The building is set back from the street behind rendered classical posts and an iron palisade fence, and the ground has been cut away to open up to a basement verandah underneath the timber framed ground floor entry balcony. The basement is in rough coursed stonework, including stone flagging and has a stone wall underneath the main villa wall. The main balcony is supported on stone walls and iron posts, and features cedar Doric columns on the ground floor level. The columns are paired at the corners and on both sides of the entry and support a hipped slate verandah roof. The hipped roof to the villa is also finished in slate with narrow timbered eaves, and is a U-shaped roof with a concealed central valley that runs parallel to the street and empties into what must be an internal downpipe against the neighbour's wall. There are four chimneys arranged symmetrically on the perimeter.

A link building in Georgian style is attached to the side of the main villa and connects to the face stone garage building. The link building is a 1962 addition in keeping with the style, and whilst it appears the garage is an early structure (Coach House) it has the appearance of having been modified relatively recently. It has a large central vehicle opening with face stone walls either side, a beaded board gable face under a simple barge with gutter returns that imply a pediment. The stone side walls to the driveway appear to be recent construction. It appears the original stable has been demolished.
The rear face of the building has a correct Georgian upper level with five original 12 pane windows. The ground floor has what appears to be a rebuilt verandah, which has been infilled with glazed doors and highlight windows. This verandah sits on exposed brick piers, which are rendered with a classical capping, and is supported by a large beam. The basement is deeply recessed behind this face.
The interior of the building is reportedly highly intact in the 1992 CMP. From the original description the building appears based on a simple Georgian four room plan with two rooms either side of a central entrance hallway. On the ground floor the two front rooms were drawing rooms; with a dining room and library / pantry behind, including a curved wall that incorporates a Georgian curved door. The main rooms have marble and Marulan sandstone chimneys with Regency iron fire grates, which are reportedly intact along with their original joinery features. The central entrance hall features an original cedar staircase to the upper level, but the basement servant quarters were connected externally via the rear verandah (which has now been enclosed). The first floor features four bedrooms (two front and back) with what were originally two dressing rooms. Whether this accounts for the odd front central window is not known. These service spaces have since become bathrooms and a kitchen. The basement consisted of a kitchen, laundry, cellar and two servant's rooms. The layout of the original house is a dramatic demonstration of how social roles have changed (LEP, 2005).
Physical condition and/or
Archaeological potential:
The building contains many original elements and extensive original detailing. The majority of the walls and structure is intact - CMP 1992 (LEP, 2005).
Date condition updated:10 Jan 11
Modifications and dates: The buildings on the land were constructed at different times. They are: Main building - 1824; Coach House - c. 1845; Kitchen - c. 1865, demolished 1919; "Link" structure -1972; Rear wing - 1919, demolished in 1993 (LEP, 2005).
Current use: Residence
Former use: Aboriginal land, town lot, residence, offices, museum /gallery of colonial art

History

Historical notes: The "Eora people" was the name given to the coastal Aborigines around Sydney. Central Sydney is therefore often referred to as "Eora Country". Within the City of Sydney local government area, the traditional owners are the Cadigal and Wangal bands of the Eora. There is no written record of the name of the language spoken and currently there are debates as whether the coastal peoples spoke a separate language "Eora" or whether this was actually a dialect of the Dharug language. Remnant bushland in places like Blackwattle Bay retain elements of traditional plant, bird and animal life, including fish and rock oysters.

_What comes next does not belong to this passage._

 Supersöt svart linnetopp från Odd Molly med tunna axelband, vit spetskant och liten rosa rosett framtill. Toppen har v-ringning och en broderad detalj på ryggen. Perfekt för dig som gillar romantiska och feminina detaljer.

With the invasion of the Sydney region, the Cadigal and Wangal people were decimated but there are descendants still living in Sydney today. All cities include many immigrants in their population. Aboriginal people from across the state have been attracted to suburbs such as Pyrmont, Balmain, Rozelle, Glebe and Redfern since the 1930s. Changes in government legislation in the 1960s provided freedom of movement enabling more Aboriginal people to choose to live in Sydney.

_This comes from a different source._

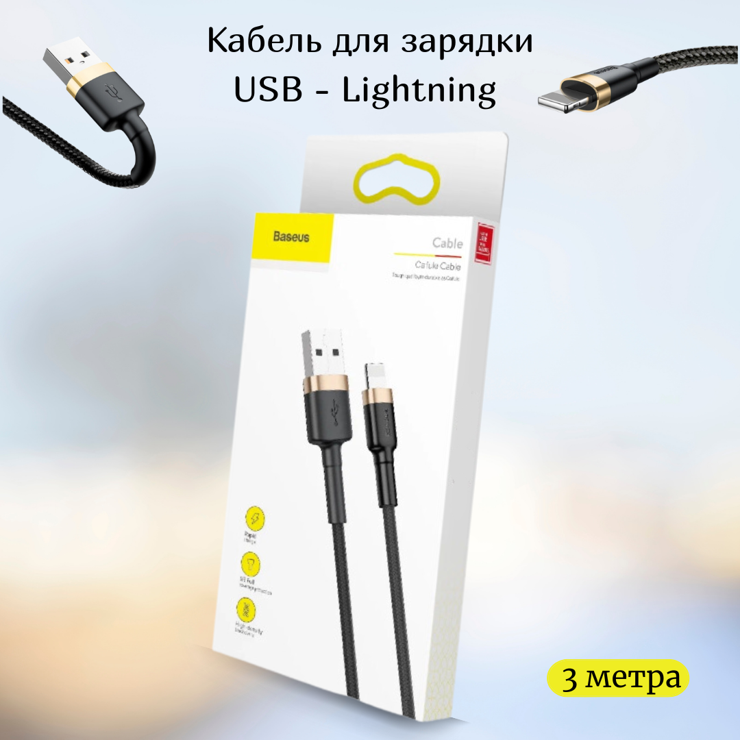 Кабель для айфон USB BASEUS Cafule USB - Lightning, 2А, 10W, 3 м, черный+золотой

(Information sourced from Anita Heiss, "Aboriginal People and Place", Barani: Indigenous History of Sydney City http://www.cityofsydney.nsw.gov.au/barani )

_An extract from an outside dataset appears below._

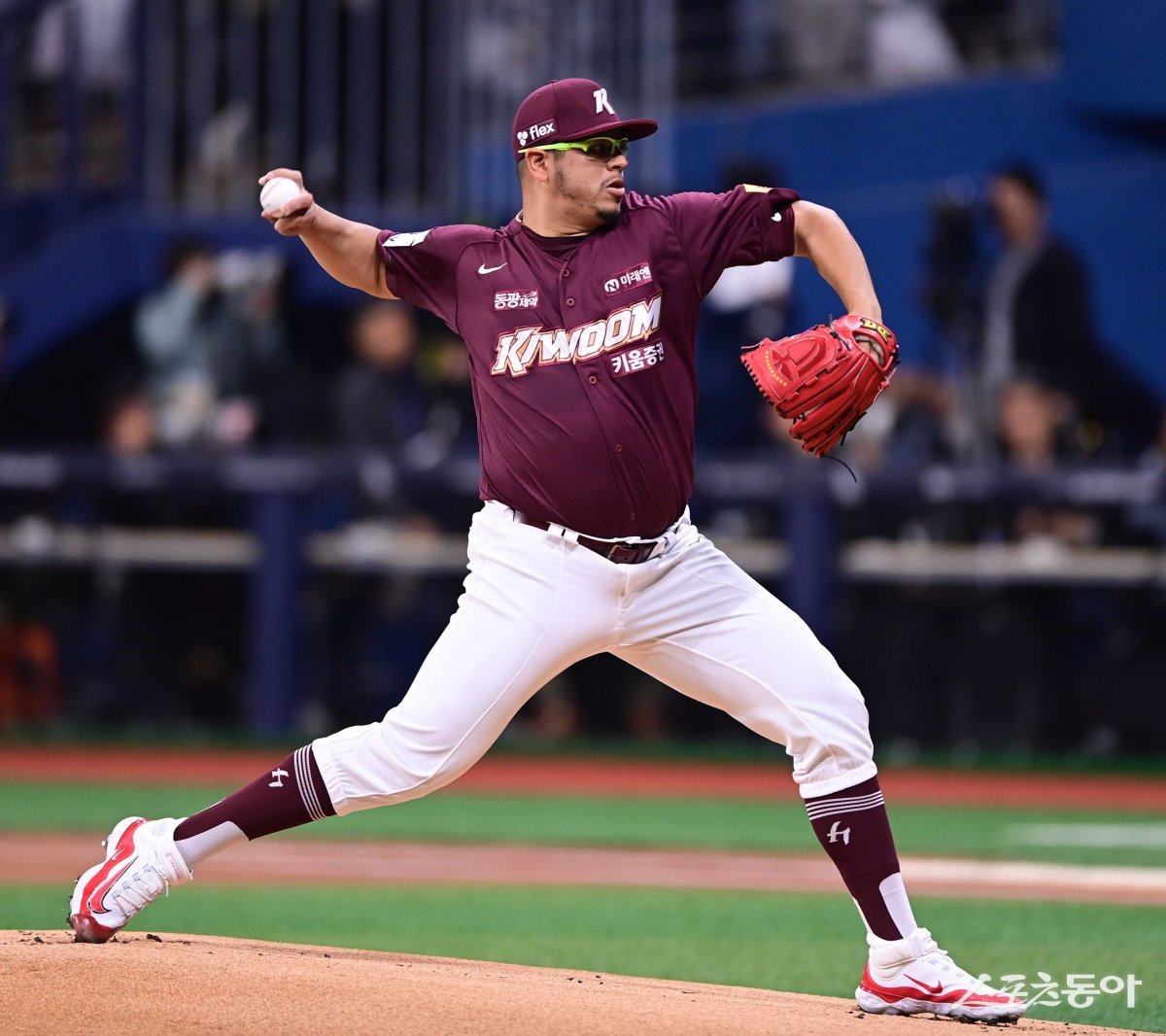 17일 서울 고척스카이돔에서 열린 ‘메이저리그 월드투어 서울시리즈 2024’ 스페셜 매치 키움 히어로즈와 LA 다저스의 경기에서 선발 투수로 마운드에 오른 키움 후라도가 역투하고 있다.

In June 1823 Robert Crawford, Principal Clerk to the Colonial Secretary, was granted land at Cockle Bay, part of which survives as the present property dating from 1824. Arriving in Sydney in 1821 from Scotland, Crawford soon managed to build up extensive holdings including farms called "Doonside", "Hill End" and "Ellalong". In a letter of February 1825 he wrote to his father "I am just finishing a house near Dawes Battery. I got a town allotment and as I am not allowed lodging money. I thought it advisable to build - I call it Clyde Bank, it looks into Cockle Bay and is ten minutes walk from the office."

By 1828 Crawford was in financial difficulties and was forced to sell "Clyde Bank" to John Terry Hughes of the Albion Mills. Hughes in 1835, sold the property to Samuel Lyons and within the year it was again sold to Isaac Simmons and then shortly after to Captain Joseph Moore, Master Mariner. With his son Henry, Moore bought the Long and Wright Wharf below in Cockle Bay. Moore's Wharf became one of the two best such shipping establishments in Sydney - the other being Campbell's Wharf in Sydney Cove. It was from Moore's Wharf that in 1851 the first shipment of gold was loaded for Britain.

At this time parcels of land had been amalgamated with the house land. As with so many others in the 1840s Captain Moore became bankrupt in 1844 and was forced by the Trustees of his properties to sell the property to Robert Campbell Junior in 1845.

Captain Moore's sale notice in the Sydney Morning Herald in 1844 gives details of the house; "Ground floor - Entrance Hall, two drawing rooms, dining room, library and pantry. The drawing and dining rooms have handsome marble chimney pieces." Originally there would have not been a stair from the ground floor to the basement for security, noise and kitchen smells. A stair went up from the kitchen back door to the western verandah, where a narrow pantry may have been located for the trays to rest on their way to the dining room.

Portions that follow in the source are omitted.